Valuation Metrics and Recent Changes
As of 10 Feb 2026, Jubilant Ingrevia’s P/E ratio stands at 38.46, a figure that has contributed to the company’s valuation grade being downgraded from attractive to fair. This P/E multiple is notably higher than the industry average, signalling that investors are currently paying a premium for the company’s earnings compared to its historical valuation range. The price-to-book value has also risen to 3.48, reinforcing the shift in market sentiment towards a more cautious stance on the stock’s price attractiveness.
Other valuation multiples such as EV to EBIT (29.47) and EV to EBITDA (20.57) remain elevated but within a range consistent with a fair valuation. The PEG ratio, which adjusts the P/E for earnings growth, is at 1.16, suggesting that while the stock is not excessively overvalued, the premium is justified only if growth prospects materialise as expected.
Comparative Analysis with Peers
When compared with its sector peers, Jubilant Ingrevia’s valuation appears more moderate. For instance, Ajanta Pharma and Gland Pharma are classified as expensive and very expensive respectively, with P/E ratios of 35.14 and 35.92 but higher EV to EBIT multiples, indicating stronger market confidence in their earnings quality or growth potential. J B Chemicals & Pharmaceuticals and Astrazeneca Pharma, with P/E ratios of 40.12 and 93.33 respectively, are considered very expensive, underscoring Jubilant Ingrevia’s relatively fair standing despite the recent downgrade.

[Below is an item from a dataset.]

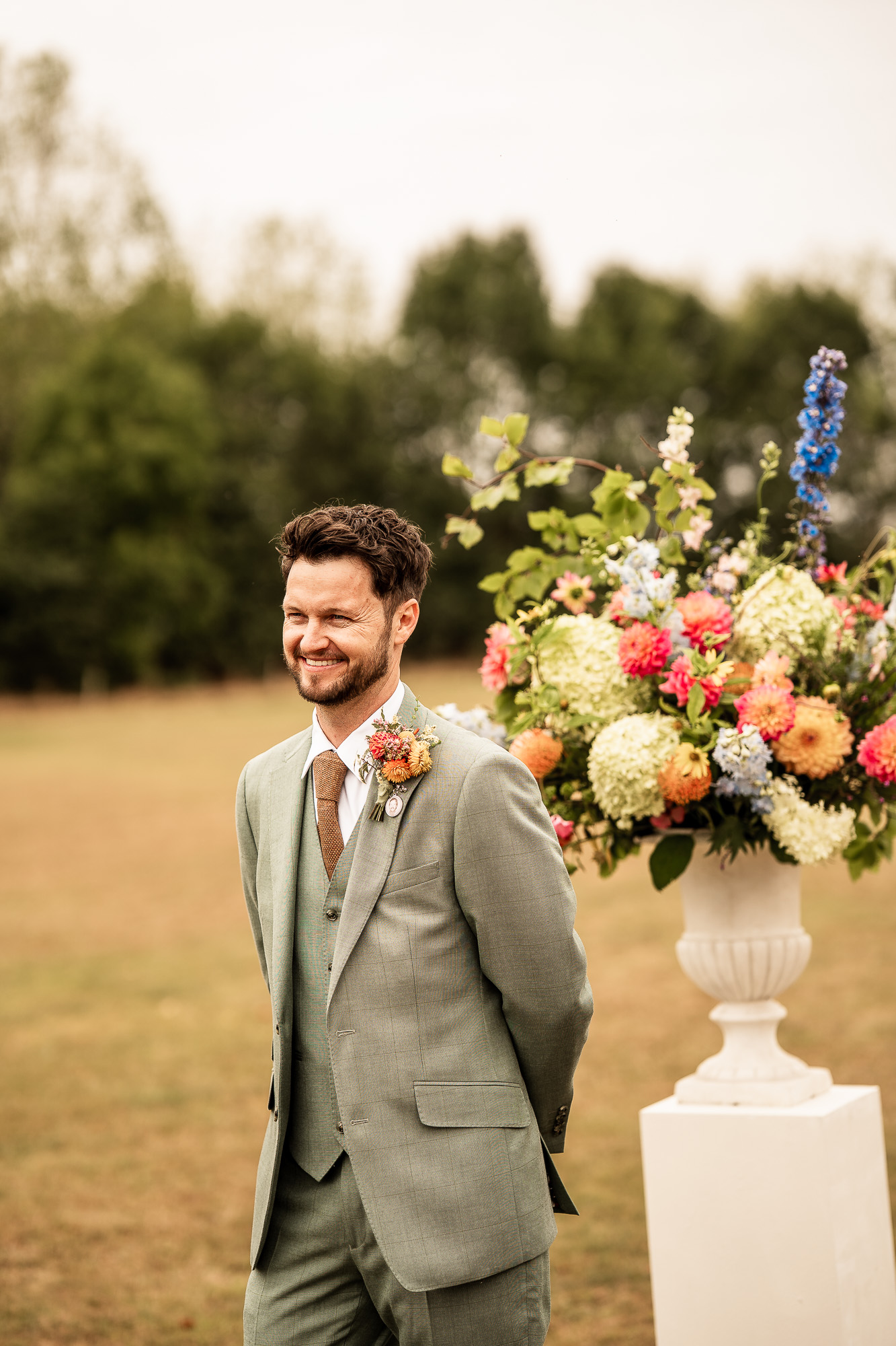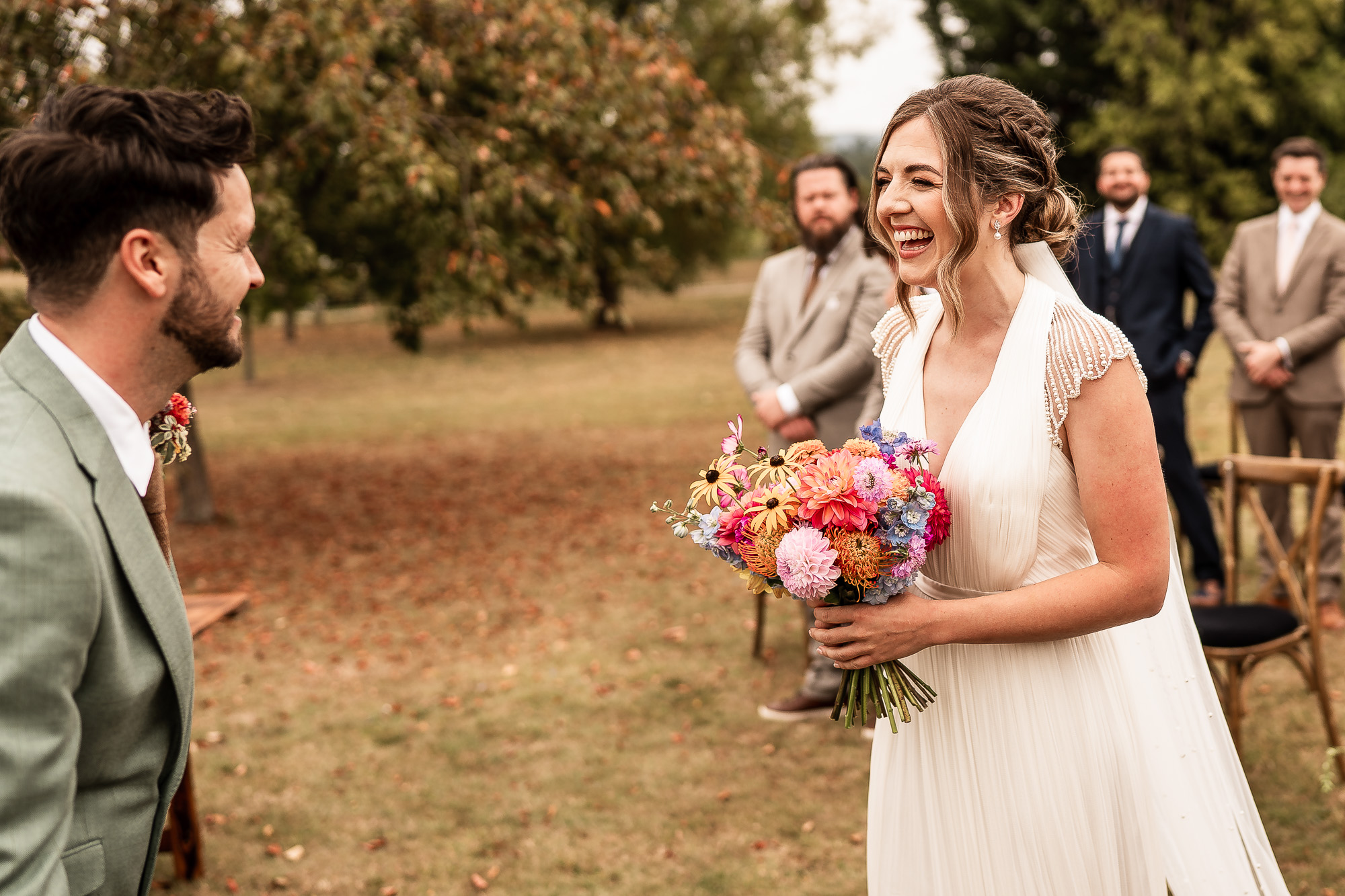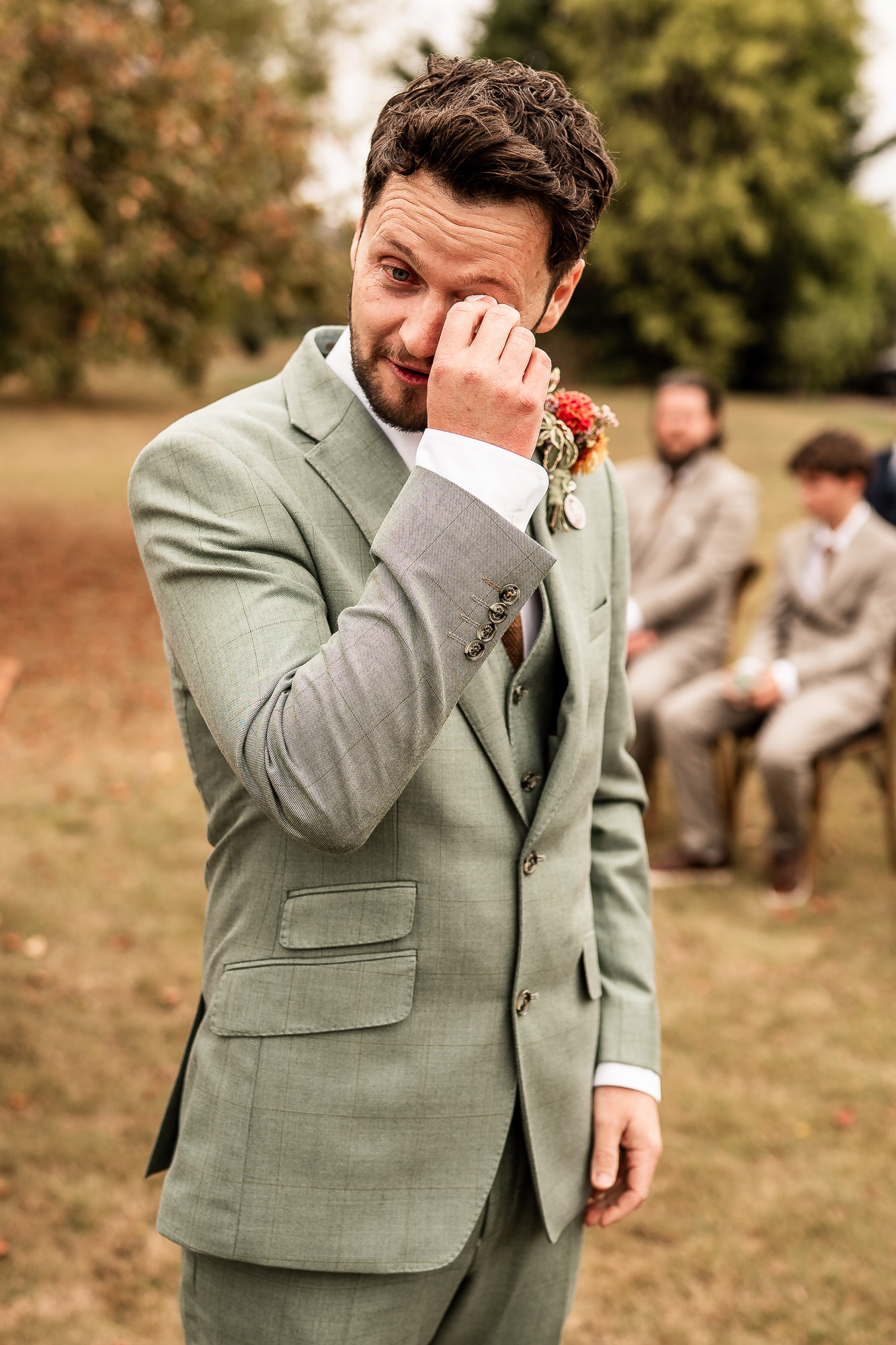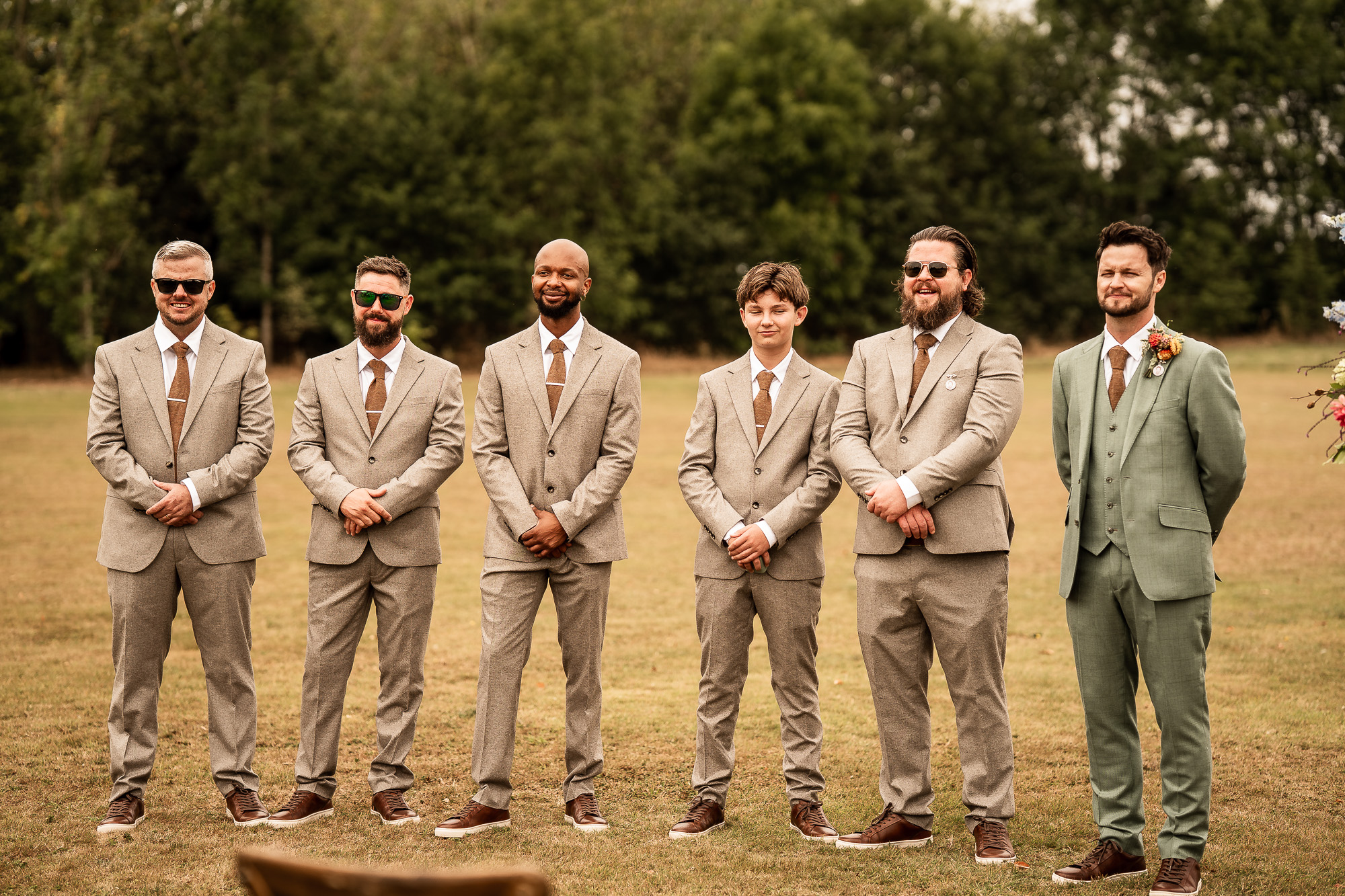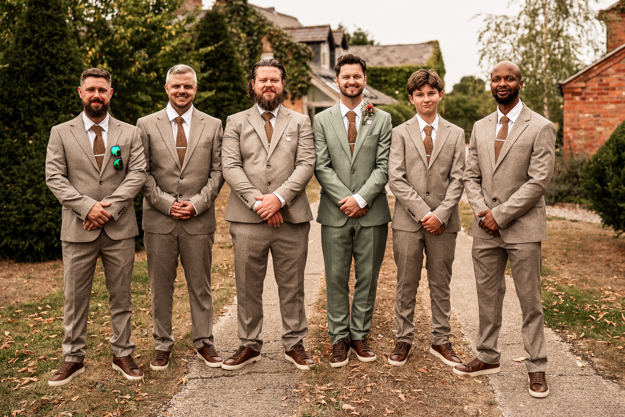 As the bridesmaids and the mother of the bride gathered on the lawn at Scarlet Hall, the groom and his groomsmen were already in excellent spirits, greeting guests against the backdrop of rolling Cheshire countryside. Jackets were straightened, buttonholes pinned into place, and those last quiet breaths taken before it was time to walk to the ceremony space and wait.

In contrast, companies like Piramal Pharma, which is currently loss-making, and Emcure Pharma with a P/E of 32.3, are also rated expensive or fair, highlighting the diverse valuation landscape within the specialty chemicals sector. This context is crucial for investors seeking to balance risk and reward across the industry.
Stock Price Performance and Market Context
Jubilant Ingrevia’s current market price is ₹663.65, up 8.02% on the day from a previous close of ₹614.35. The stock has traded between ₹612.25 and ₹672.90 today, with a 52-week range of ₹556.55 to ₹851.85. Despite the recent uptick, the stock’s year-to-date return remains negative at -5.73%, underperforming the Sensex’s -1.36% over the same period. Over the one-year horizon, the stock has declined by 9.68%, contrasting with the Sensex’s robust 7.97% gain.
However, the longer-term performance is more encouraging, with a three-year return of 40.41%, slightly outperforming the Sensex’s 38.25%. This suggests that while short-term volatility and valuation concerns persist, Jubilant Ingrevia has delivered solid returns over a multi-year timeframe.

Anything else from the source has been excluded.